Collection of sputum samples and preparation of mucus.

Figure 7 shows the overall workflow of this study. Mucus samples (sputum samples [≥2 g]) were obtained from 52 individuals who were diagnosed with acute upper respiratory tract infection at the Kyoto Prefectural University of Medicine Hospital and its affiliated hospitals between September 2016 and March 2018. Individuals <20 years old, with chronic respiratory illness, or who were taking expectorants were excluded.

FIG 7.

FIG 7

Outline of the study.

The 52 mucus samples were evaluated by quantitative reverse transcription-PCR (qRT-PCR) to distinguish between IAV-infected and IAV-uninfected samples. Nucleic acids were extracted from the mucus samples with a PureLink RNA minikit (Thermo Fisher, Waltham, MA, USA), and cDNA was prepared using a ReverTra Ace qPCR RT master mix (Toyobo, Osaka, Japan) (6, 21). IAV was detected and quantified by qRT-PCR with a Thunderbird SYBR qPCR mix (Toyobo). IAV-specific PCR was performed with an IAV matrix protein gene-specific primer set (M30F, 5′-TTCTAACCGAGGTCGAAACG-3′; M264R2, 5′-ACAAAGCGTCTACGCTGCAG-3′) designed by the National Institute of Infectious Diseases (Tokyo, Japan). Results of the qRT-PCR analysis showed that 19 of the 52 samples were positive for IAV, and these 19 samples were used in this study.
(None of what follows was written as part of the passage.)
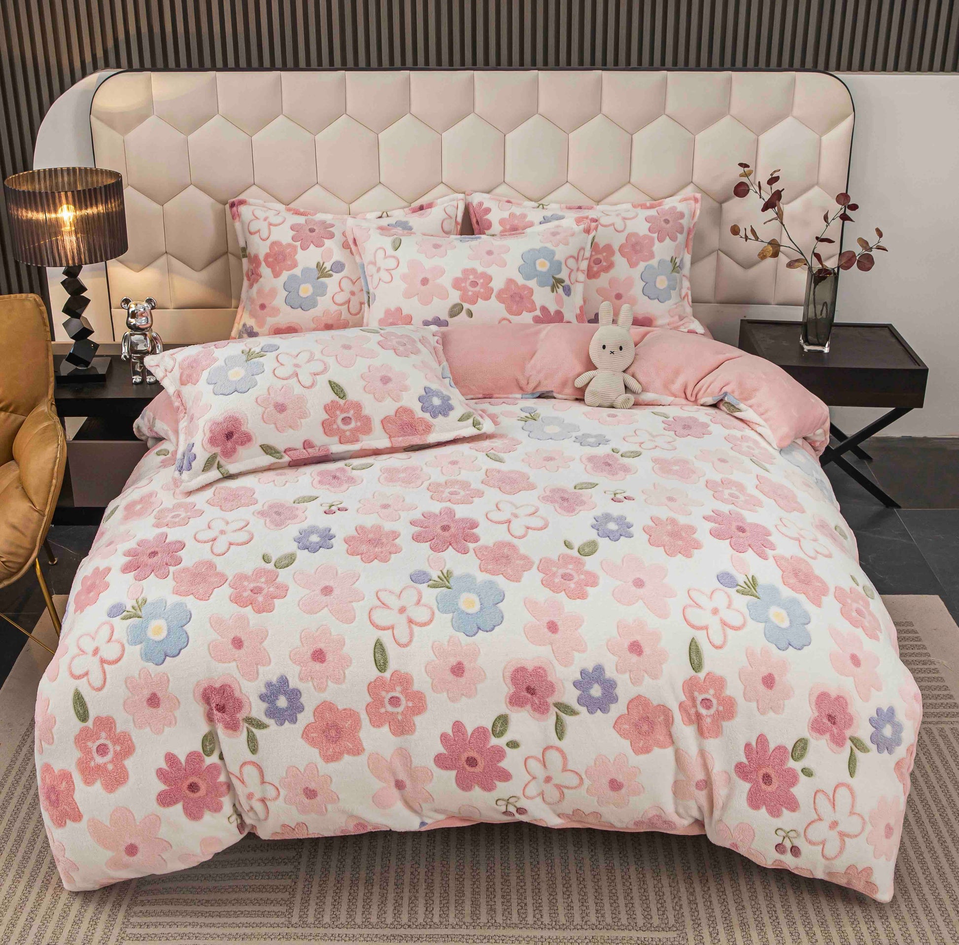 Lenjerie Cocolino 4 Piese cu Elastic, Pat Dublu, Floricele-C9727

To completely inactivate infectious IAV derived from the individuals, the samples were irradiated with UV light (10 mJ/cm2). Viral titration with MDCK cells was performed to confirm that no infectious IAV was present. Bubbles were removed from irradiated samples by centrifugation at low speed to avoid destroying the mucous structure.

Rheological analysis.

The viscosity of the mucus samples was measured with a DHR-1 controlled-stress rheometer (TA Instruments, New Castle, DE, USA) (42). A cone plate geometry (20 mm, 2°) was used at 25°C. A solvent trap containing distilled water prevented sample dehydration during measurement (43). Mucus (400 mg) was loaded onto the rheometer and left for 5 min to enable relaxation to the original gel structure. Steady-flow viscosities were measured with the flow-sweep mode (steady-flow measurement). Steady-flow viscosity (in Pa s) and shear stress (in Pa) were determined with the Rheology Advantage data-analysis software (TRIOS Software, TA Instruments) for a range of shear rates (0.01, 0.016, 0.025, 0.04, 0.063, 0.1, 0.16, 0.25, 0.4, 0.63, 1.0, 1.6, 2.5, 4.0, 6.3, 10, 16, 25, 40, 63, and 100 s−1). Steady-flow viscosity was calculated as shear stress divided by shear rate.
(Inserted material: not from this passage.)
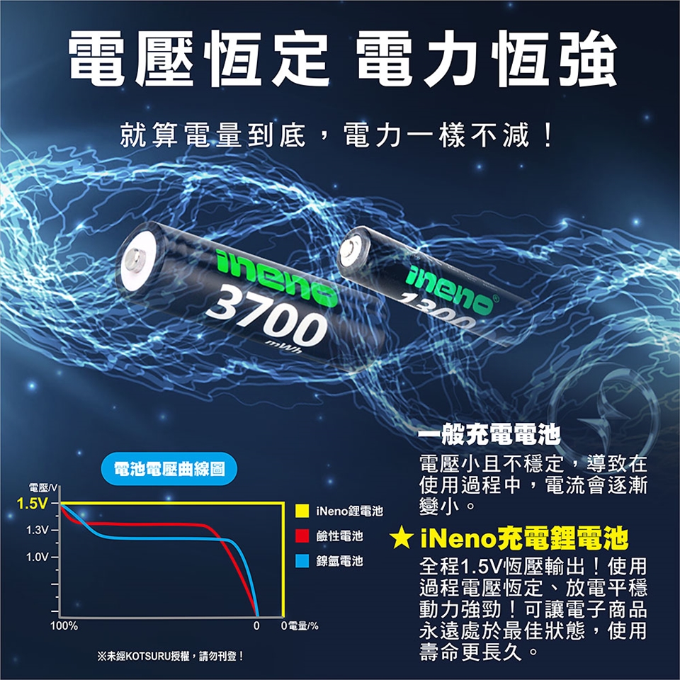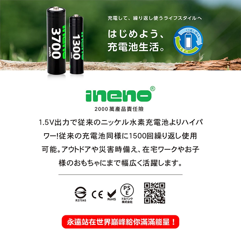 ineno鋰電池適合使用大電流要求的電器產品,恆壓電池電量用完前電力並不會減弱。可充達1500次並無記憶效應,也不會漏液並不含鉛汞的環保安全電池可安心使用。

Analysis of other physical properties.

The contact angles of pure water, saline, and sputum samples on a glass surface were measured with a contact angle meter (Asumigiken, Tokyo, Japan), and surface tensions were measured with a surface tension meter (Asumigiken).

Analysis of complete drying time of saline and mucus.
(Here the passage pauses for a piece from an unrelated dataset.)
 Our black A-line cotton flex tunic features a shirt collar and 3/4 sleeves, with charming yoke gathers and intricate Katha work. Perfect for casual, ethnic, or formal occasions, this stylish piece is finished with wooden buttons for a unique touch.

The time required for 5 μl of saline or mucus samples to completely dry and solidify on a glass plate was measured. In an indoor environment (temperature, 25°C; humidity, 40%), 5 μl of each sample was placed on a glass dish and weighed over time. The weight decreased gradually due to the drying of the sample, and the time when the weight ceased to decrease was defined as the “complete drying time.” An analytical balance (XFR-135; Shinko Denshi, Tokyo, Japan) was used to measure the weight of the samples.

Measurement of diffusion coefficients by PFG-NMR.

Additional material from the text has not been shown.